Failure to provide security to panchayat members threatens to disturb the peace in J&K

Neither the Omar Abdullah government nor the home ministry seems to be willing or able to come to grips with the gravity of an ominous development in Jammu & Kashmir: repeated militant attacks on panchayat members that is forcing more and more of them to put in their papers. One sarpanch was killed last Friday in Bomai village close to Sopore town. A day later a 45-year-old woman panch was shot at point-blank range in the adjacent Hardshiva village.

She is now battling for her life in a Srinagar hospital. After a spate of such attacks last year, panchayat members across the state established a body to press both the state and the central authorities to ensure their security and, no less important, to vest them with the powers they needed to fulfil their mandate.

Their pleas fell on deaf ears. The chief minister argued that to offer security to 33,000 panchayat members was a tall order. But what prevented him from deploying more police forces in militancy-affected areas? He finally took a step in this direction at a high-level security meeting held on Friday.

But why did he not do so when militants began their killing spree? The reason, it appears, is that Abdullah believed that local rivalries, and not militant designs, led to the attacks on panchayat members.

That assumption, to put it mildly, is grotesque. The head of the main militant organisation, Syed Salahuddin, based in Pakistan-occupied Kashmir, first called for a boycott of the 2011 elections. When candidates and voters participated in them in unprecedented numbers, he brought intolerable pressure to bear on the newly-elected panchayat members to resign en bloc. The writing on the wall was thus clear but Abdullah chose not to read it.

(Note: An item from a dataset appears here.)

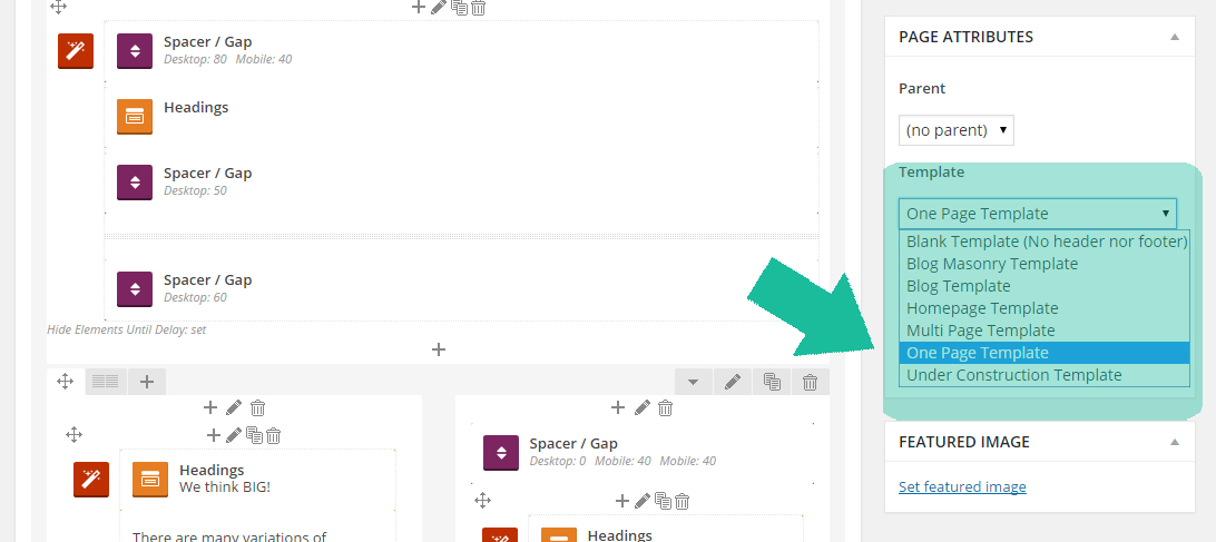 Blake allow you have one or multi page websites. The system is easy, we use normal wordpress pages, that works like pages (multipage) or sections (one page). On each page you create, you need to choose the template for your page. One Page Template or Multi Page Template
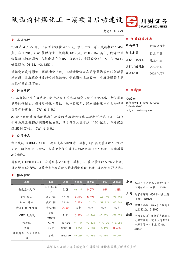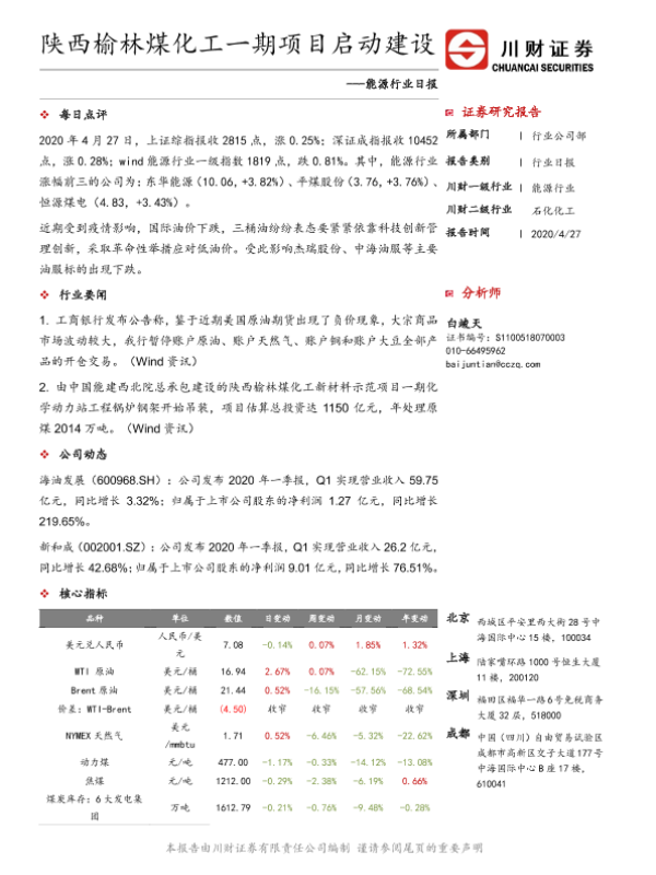【川财证券】【20200427】陕西榆林煤化工一期项目启动建设-3页

To make matters worse, he has consistently refused to empower the panchayat members in order to appease MLAs who fear that such a move would curb their powers.

The Centre’s attitude too has been lackadaisical. Rahul Gandhi had given a patient hearing to members of the apex body of the panchs and sarpanchs. But no action was forthcoming.

Ineptitude on this scale could seriously undermine the steady return to normalcy in the state. Mass disillusionment with the failure of grass-roots democracy is bound to disturb the peace in ways that would be far more dangerous than the criminal acts of militants.